The Dow gained 4.62 points to close at 6,489.02, rebounding in the last half hour from a 34-point dip after surrendering a 24-point morning advance. Last week, the blue-chip barometer tacked on nearly 180 points, including a 126-point gain on Thursday.
Decliners outnumbered advancers by nearly a 5-to-4 margin on the New York Stock Exchange, with 1,129 up, 1,397 down down and 803 unchanged. NYSE volume totaled 339.94 million shares vs. 650.09 million Friday.
The Standard & Poor's 500-stock index fell 1.94 to 746.93, and the NYSE's composite index fell 0.82 to 393.29. The Nasdaq composite index fell 9.08 to 1,279.48, and the American Stock Exchange index fell 1.03 to 580.98.
"The Nasdaq continues to endure a bit of corrective profit-taking," said Scott Bleier, chief investment strategist at the New York investment firm Prime Charter.

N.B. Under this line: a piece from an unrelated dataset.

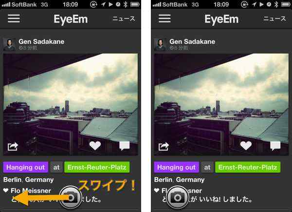 「EyeEm」のカメラボタンにちょっとした気遣いを発見した!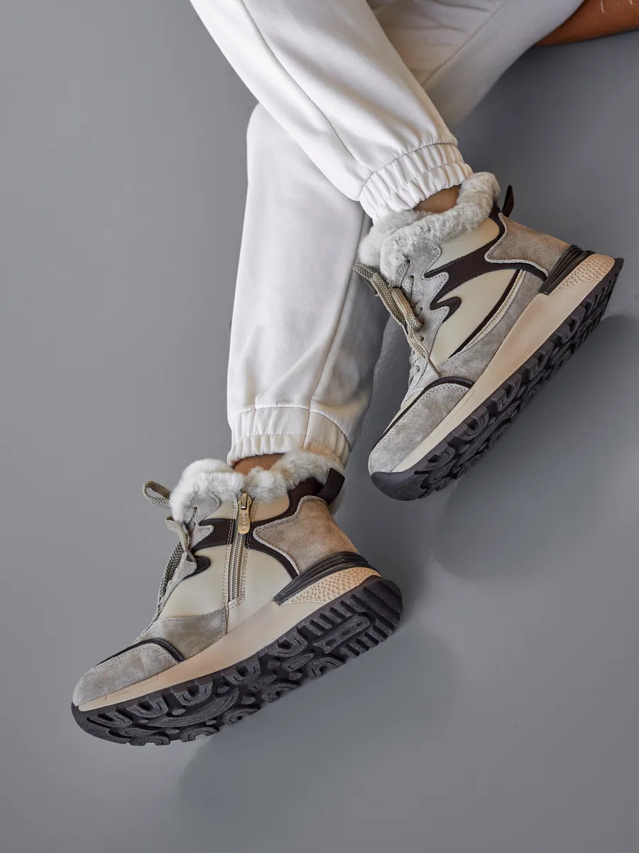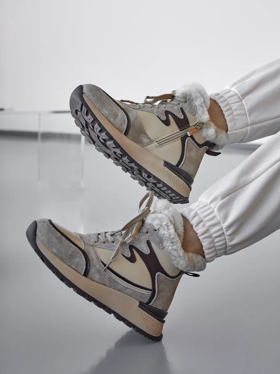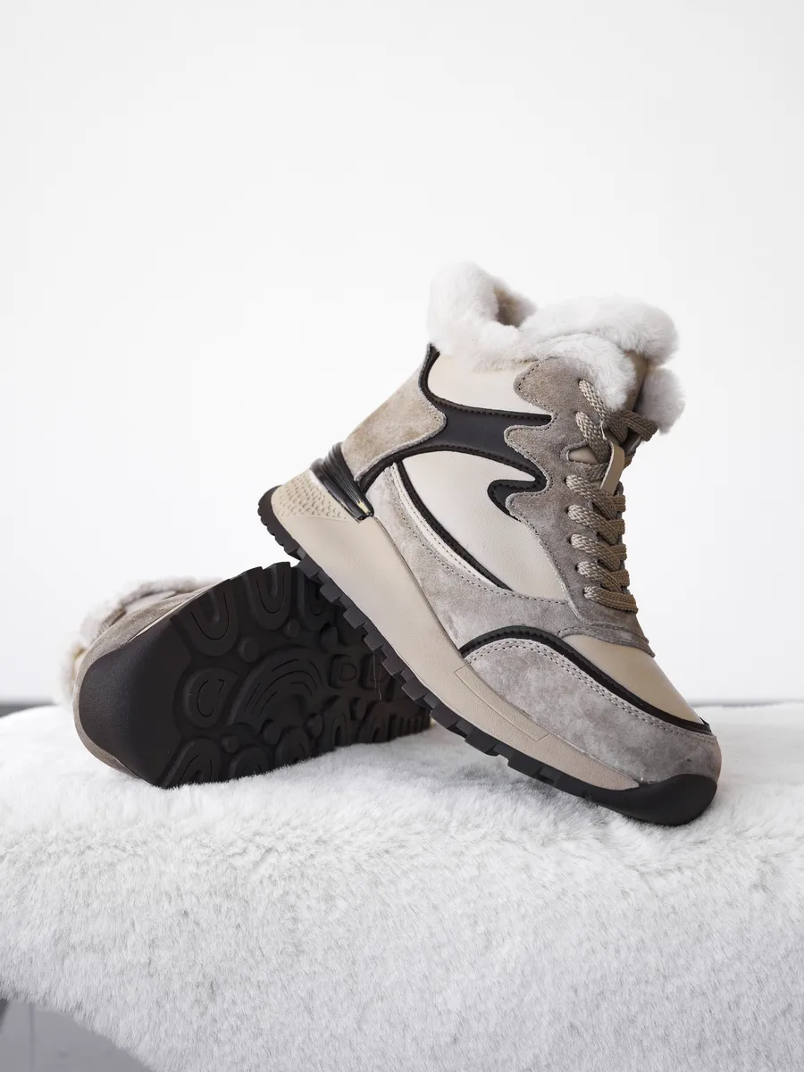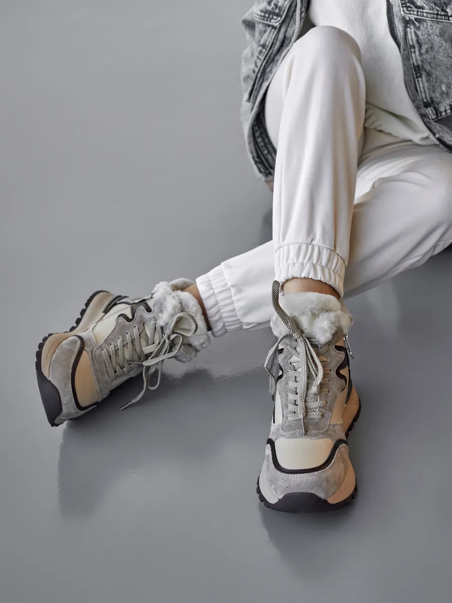 Эти стильные ботинки бежевого цвета подойдут как для женщин, так и для подростков, которые ищут модные и удобные решения на каждый день. Универсальный дизайн позволяет сочетать ботинки с повседневной одеждой — джинсами, леггинсами или даже юбками, что делает их неотъемлемой частью любого зимнего образа. В то же время, спортивные элементы дизайна добавляют динамичности и современности, что особенно актуально для активных людей, ведущих насыщенный образ жизни.

Stocks drew some early support from the bond market, where prices improved and the yield on the 30-year Treasury bond - a key determinant of corporate and consumer borrowing costs - fell to 6.58 percent, down from late Friday's 6.60 percent.
There was little market reaction to a report showing that personal incomes rebounded in November and consumer spending showed surprising strength at the start of the Christmas sales season.
The Commerce Department reported that personal incomes rose 0.5 percent last month after being flat in October. It was the best showing since back-to-back gains of 0.6 percent in August and September.
Consumer spending was up 0.5 percent in November. While that was down from a 0.7 percent gain in October, it was still slightly better than the 0.4 percent rise many analysts had been expecting.